Second, setting ΔfI < ΔfT (including where ΔfI = 0), such that the frequency separation for the sequence increased at the induction/test boundary, promotes more segregation than setting ΔfI > ΔfT, such that the frequency separation decreased (C3 vs C6, p = 0.001; C4 vs C6, p = 0.033). This secondary outcome most probably reflects a contrast effect, in which an increase in Δf at the induction/test boundary biases judgments of the test sequence towards more segregated percepts and vice versa. Snyder et al. (2008) reported an across-trial effect of this kind in a streaming task using long AF sequences (10.8 s)—less streaming was reported for a given Δf in the current trial with increasing Δf in the previous trial, despite the silent interval between them ( ≥1.44 s).
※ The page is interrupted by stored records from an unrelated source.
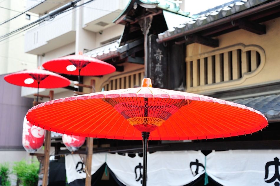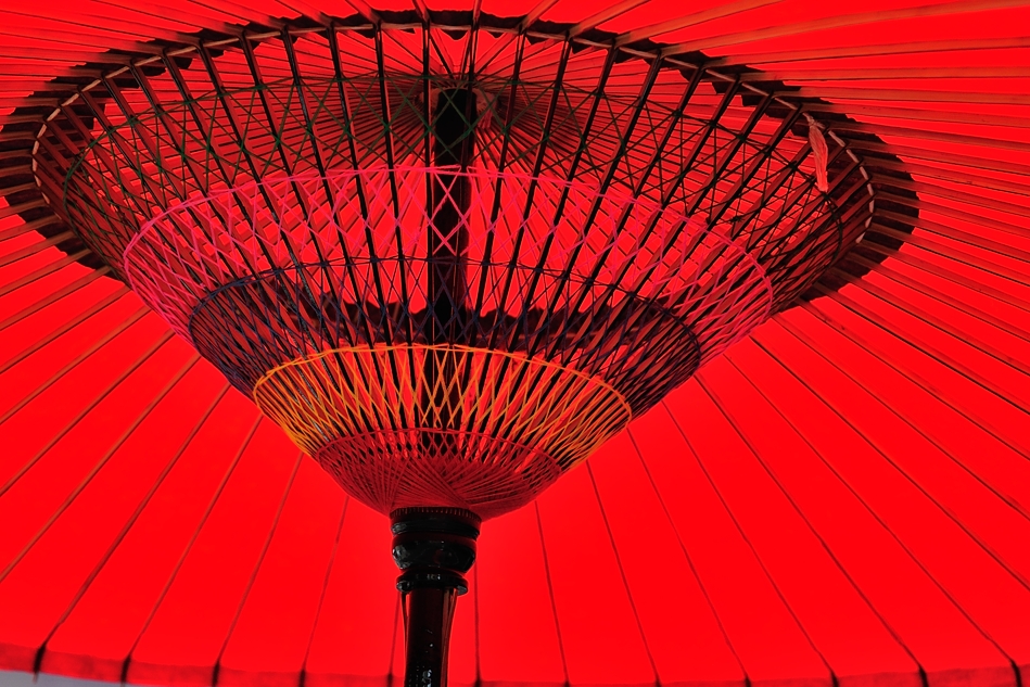 朱の和傘,提灯と「太」ロゴ入りの水引
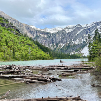 We arrived to West Glacier on Wednesday afternoon. We stayed at West Glacier RV Park right outside the park gate. It was very convenient and was really nice with spacious sites, nice amenities and beautiful mountain views. We were excited to check out the park, so we headed in Wednesday evening right after we got settled. The Going to the Sun road, which is the main road in Glacier, was only open 16 miles of the 50 mile road. This was due to the amount snow, ice and avalanche risk along the remainder of the road. They were still working on clearing the roads, which we found out is pretty late in the season from previous years. This park also requires a reservation to enter the park from 8am-4pm. ( random tip- all the national park have different rules and setups with reservations now. Some require them, some don't. Some you have to reserve weeks in advance, some the day before. It's a little confusing, so, make sure to check the nps.gov site for those details if you are planning a trip. ) One of the things I was most excited to see on this trip was Lake McDonald, and fortunately that was before the road closure. It did not disappoint. 😍 We made a few stops to walk down to the lake, drove through until the road was closed and stopped at different view points along the way. Glacier was off to a great start.
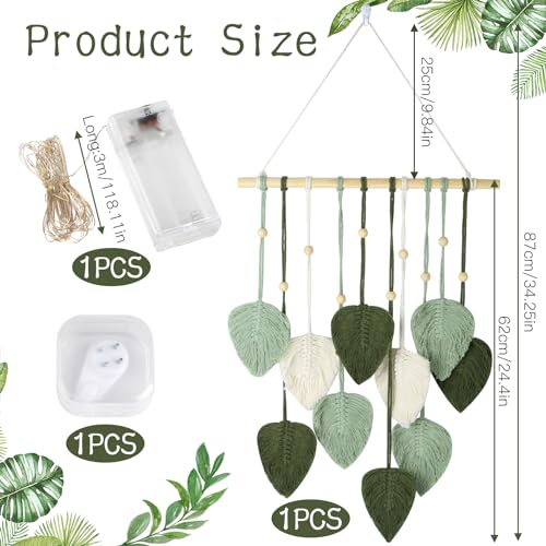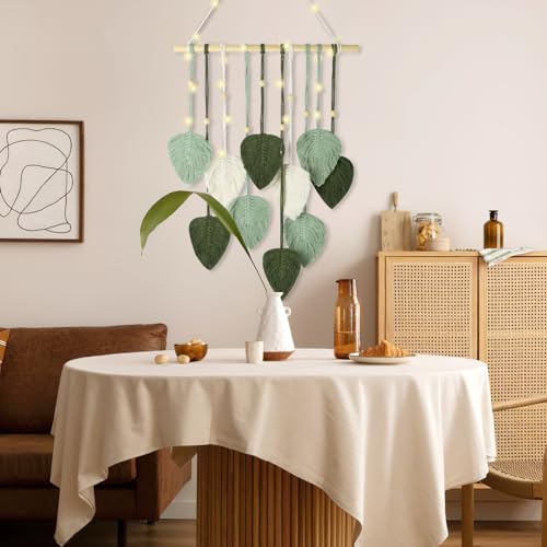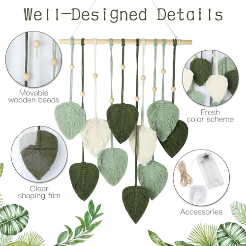 Aubess - بساط مكرمية للتعليق على الحائط مزخرف بشراشيب ديكور بوهو مع خرز خشبي واوراق خضراء حائط معلق اضاءة LED لغرفة النوم وغرفة المعيشة الاطفال
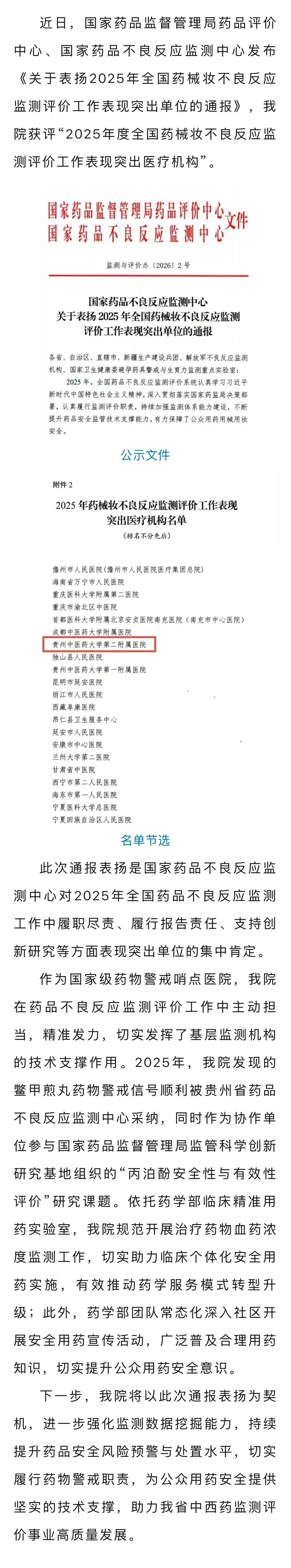 喜报丨我院获评2025年度国家药械妆不良反应监测工作突出单位

This effect persisted over several seconds and was similar to the duration of auditory sensory memory (Cowan, 1984). Similarly, in the current experiment, for which there was no break between the induction and test sequences, the contrast effect observed is mostly sustained throughout the duration of the test sequence. Snyder et al. (2009) found that the effect of prior context not only extended over gaps of several seconds but could also be separated into stimulus-related (whether prior Δf was larger or smaller than current Δf) and perception-related components (whether the prior stimulus was perceived as one or two streams). In the context of the current study, note that the contrast effect associated with prior Δf is additive with the primary segregation-promoting effect of the mismatch in frequency (in either direction) between the L subset of inducer tones and its test-sequence counterpart. Hence, as can be seen in Fig. 4, the results for the conditions where ΔfI = 0.5 × ΔfT (C4) and ΔfI = 1.5 × ΔfT (C6) do not bracket those for the notionally intermediate standard AF condition, for which ΔfI = ΔfT (C5), but rather bracket those for the high-subset-only condition (C2).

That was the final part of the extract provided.